Nothing outside the lines below from the one containing "Geopoliticus Child Watching" through the one containing "This announcements background" is to be printed; print those exactly, ends included, and drop the pictures.

=== Given information ===
== == ==

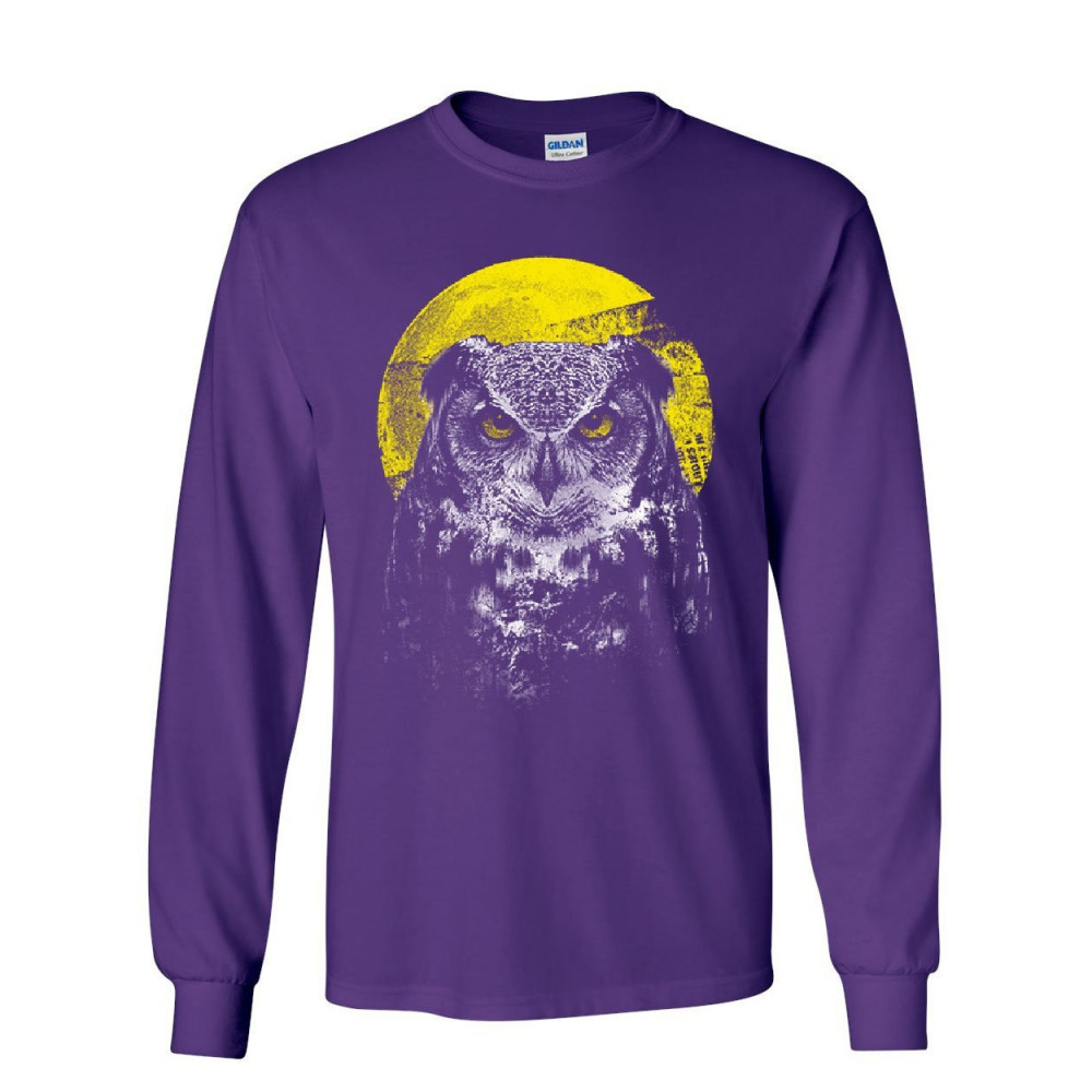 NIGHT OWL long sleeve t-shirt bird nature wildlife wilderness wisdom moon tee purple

== == ==

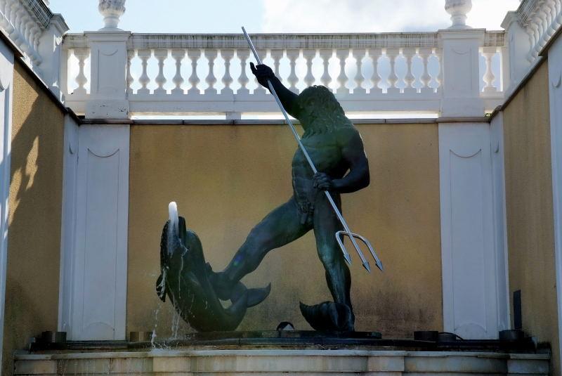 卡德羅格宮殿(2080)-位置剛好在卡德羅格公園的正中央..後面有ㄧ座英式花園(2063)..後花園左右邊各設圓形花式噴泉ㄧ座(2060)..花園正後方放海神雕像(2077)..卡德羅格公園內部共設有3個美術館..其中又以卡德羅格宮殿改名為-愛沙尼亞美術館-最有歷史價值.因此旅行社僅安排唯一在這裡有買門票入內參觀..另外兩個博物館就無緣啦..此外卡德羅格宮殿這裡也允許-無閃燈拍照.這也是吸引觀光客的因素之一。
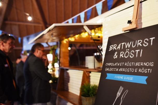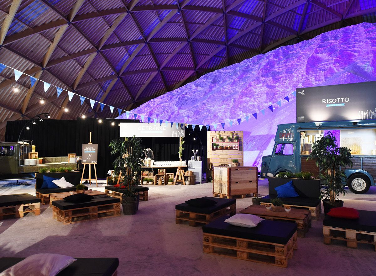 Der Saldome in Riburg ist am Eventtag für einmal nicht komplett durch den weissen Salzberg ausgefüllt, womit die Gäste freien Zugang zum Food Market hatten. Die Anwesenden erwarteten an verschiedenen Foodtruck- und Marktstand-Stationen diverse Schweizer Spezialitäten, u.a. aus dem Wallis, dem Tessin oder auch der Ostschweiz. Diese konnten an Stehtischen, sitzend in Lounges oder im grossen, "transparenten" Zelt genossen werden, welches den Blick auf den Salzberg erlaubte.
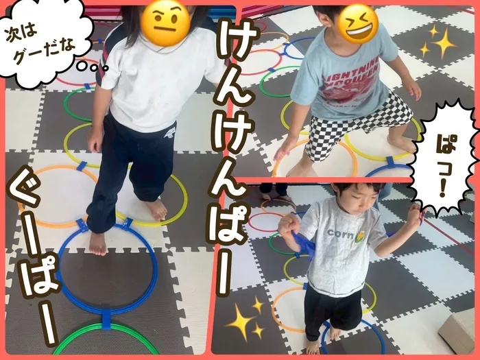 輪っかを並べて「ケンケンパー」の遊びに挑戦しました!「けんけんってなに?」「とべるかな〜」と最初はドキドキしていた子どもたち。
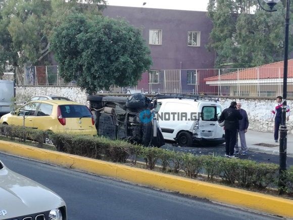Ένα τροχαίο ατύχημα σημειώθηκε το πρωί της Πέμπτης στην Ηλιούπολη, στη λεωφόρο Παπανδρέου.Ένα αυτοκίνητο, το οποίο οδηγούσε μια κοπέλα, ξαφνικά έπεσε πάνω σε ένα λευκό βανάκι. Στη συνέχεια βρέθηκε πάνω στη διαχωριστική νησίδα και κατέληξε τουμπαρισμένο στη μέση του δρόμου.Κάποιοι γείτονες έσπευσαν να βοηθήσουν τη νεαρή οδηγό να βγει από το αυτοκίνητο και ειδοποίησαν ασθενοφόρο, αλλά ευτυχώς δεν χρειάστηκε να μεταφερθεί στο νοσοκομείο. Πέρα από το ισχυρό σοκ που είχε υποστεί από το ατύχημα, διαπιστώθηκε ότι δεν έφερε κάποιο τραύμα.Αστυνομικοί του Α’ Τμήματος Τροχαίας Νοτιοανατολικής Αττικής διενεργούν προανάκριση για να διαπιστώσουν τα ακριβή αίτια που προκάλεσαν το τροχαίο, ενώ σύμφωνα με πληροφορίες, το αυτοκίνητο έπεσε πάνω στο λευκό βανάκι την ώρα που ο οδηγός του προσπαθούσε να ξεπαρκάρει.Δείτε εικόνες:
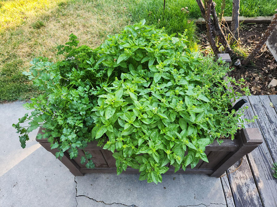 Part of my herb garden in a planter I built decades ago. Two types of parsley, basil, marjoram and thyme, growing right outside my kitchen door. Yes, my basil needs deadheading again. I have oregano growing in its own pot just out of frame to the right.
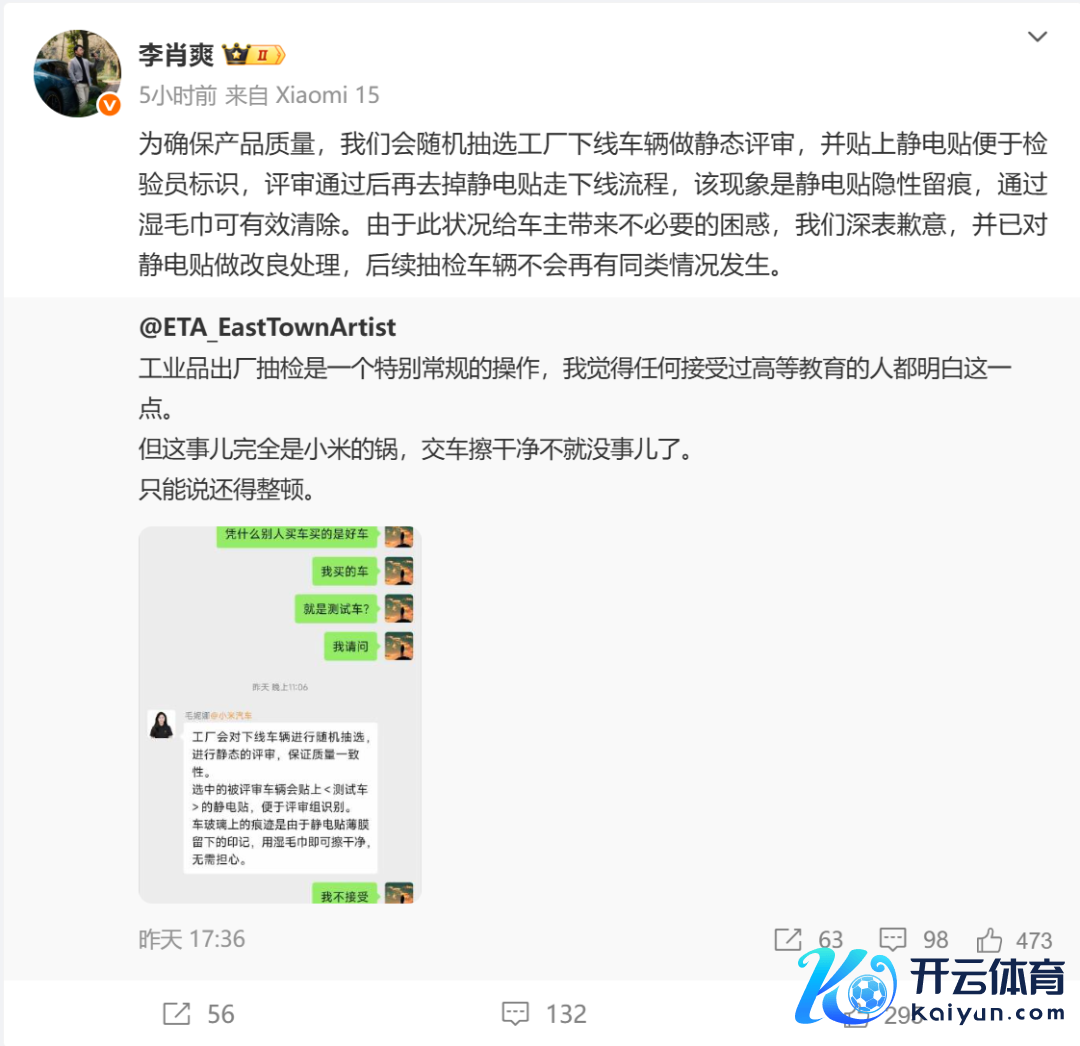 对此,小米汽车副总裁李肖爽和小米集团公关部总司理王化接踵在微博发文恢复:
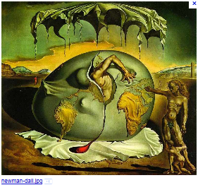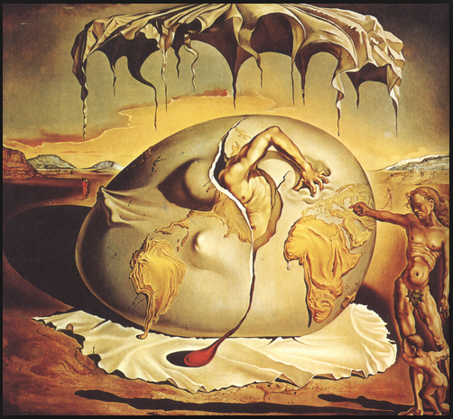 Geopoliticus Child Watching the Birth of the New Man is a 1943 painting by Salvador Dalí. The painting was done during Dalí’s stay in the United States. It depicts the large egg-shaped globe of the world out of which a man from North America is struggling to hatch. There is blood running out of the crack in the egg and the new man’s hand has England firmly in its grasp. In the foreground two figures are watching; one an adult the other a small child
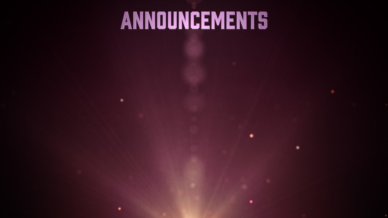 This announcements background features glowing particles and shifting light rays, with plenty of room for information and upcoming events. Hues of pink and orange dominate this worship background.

== == ==

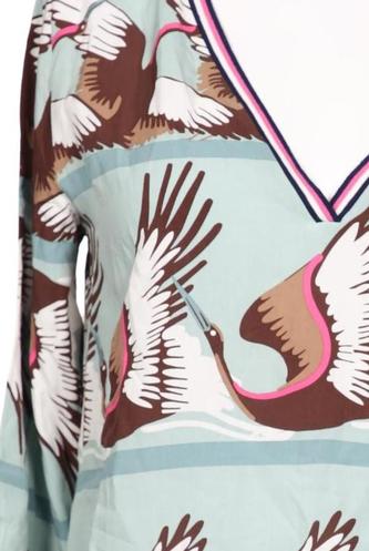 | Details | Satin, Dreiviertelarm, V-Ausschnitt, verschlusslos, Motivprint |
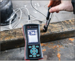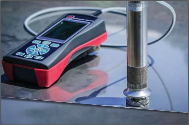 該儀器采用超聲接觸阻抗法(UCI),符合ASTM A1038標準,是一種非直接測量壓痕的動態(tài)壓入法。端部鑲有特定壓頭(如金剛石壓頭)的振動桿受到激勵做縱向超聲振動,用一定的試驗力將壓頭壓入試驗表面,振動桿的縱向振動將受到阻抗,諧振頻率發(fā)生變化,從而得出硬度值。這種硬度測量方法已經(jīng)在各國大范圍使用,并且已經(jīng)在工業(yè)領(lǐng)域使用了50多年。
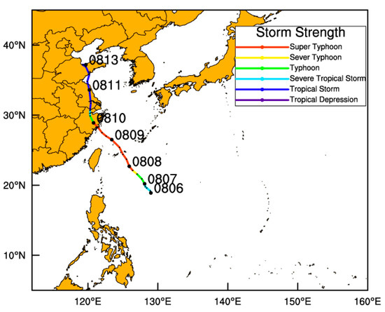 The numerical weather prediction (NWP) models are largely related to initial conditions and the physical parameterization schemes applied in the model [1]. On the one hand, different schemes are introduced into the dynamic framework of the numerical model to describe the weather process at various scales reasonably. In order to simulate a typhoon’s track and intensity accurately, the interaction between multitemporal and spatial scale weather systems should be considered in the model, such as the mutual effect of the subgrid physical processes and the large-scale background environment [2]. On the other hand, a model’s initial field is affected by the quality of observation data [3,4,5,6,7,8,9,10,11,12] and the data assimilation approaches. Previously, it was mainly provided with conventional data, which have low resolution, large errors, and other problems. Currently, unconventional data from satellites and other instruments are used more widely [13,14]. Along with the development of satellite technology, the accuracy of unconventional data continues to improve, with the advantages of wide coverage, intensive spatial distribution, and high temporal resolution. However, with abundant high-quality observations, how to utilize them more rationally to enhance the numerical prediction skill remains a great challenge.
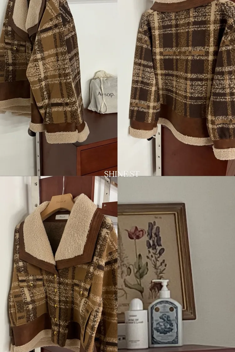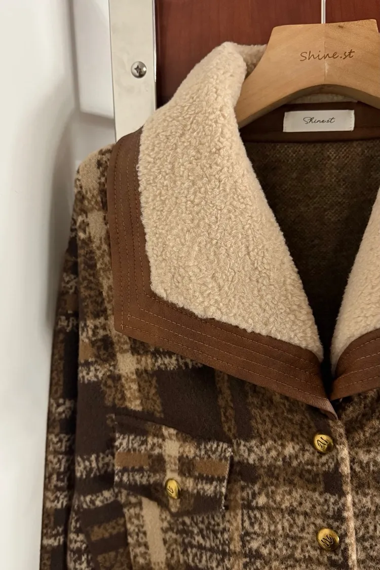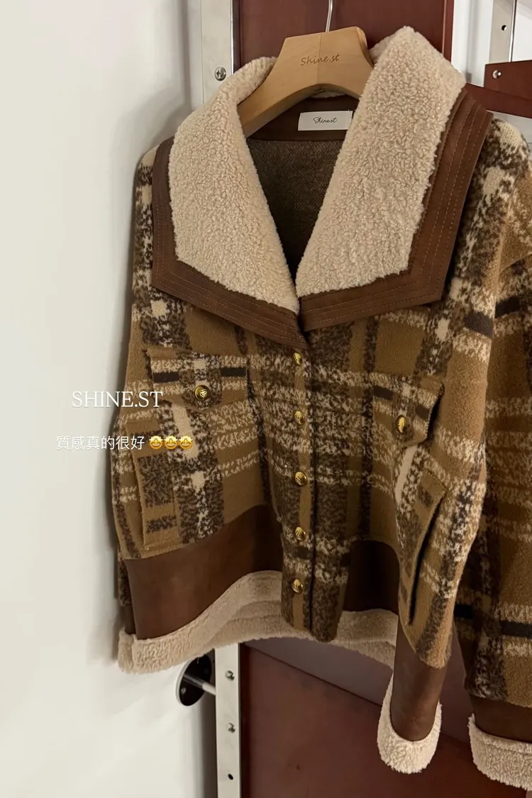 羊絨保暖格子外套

== == ==

=== Answer to this task ===
 Geopoliticus Child Watching the Birth of the New Man is a 1943 painting by Salvador Dalí. The painting was done during Dalí’s stay in the United States. It depicts the large egg-shaped globe of the world out of which a man from North America is struggling to hatch. There is blood running out of the crack in the egg and the new man’s hand has England firmly in its grasp. In the foreground two figures are watching; one an adult the other a small child
 This announcements background features glowing particles and shifting light rays, with plenty of room for information and upcoming events. Hues of pink and orange dominate this worship background.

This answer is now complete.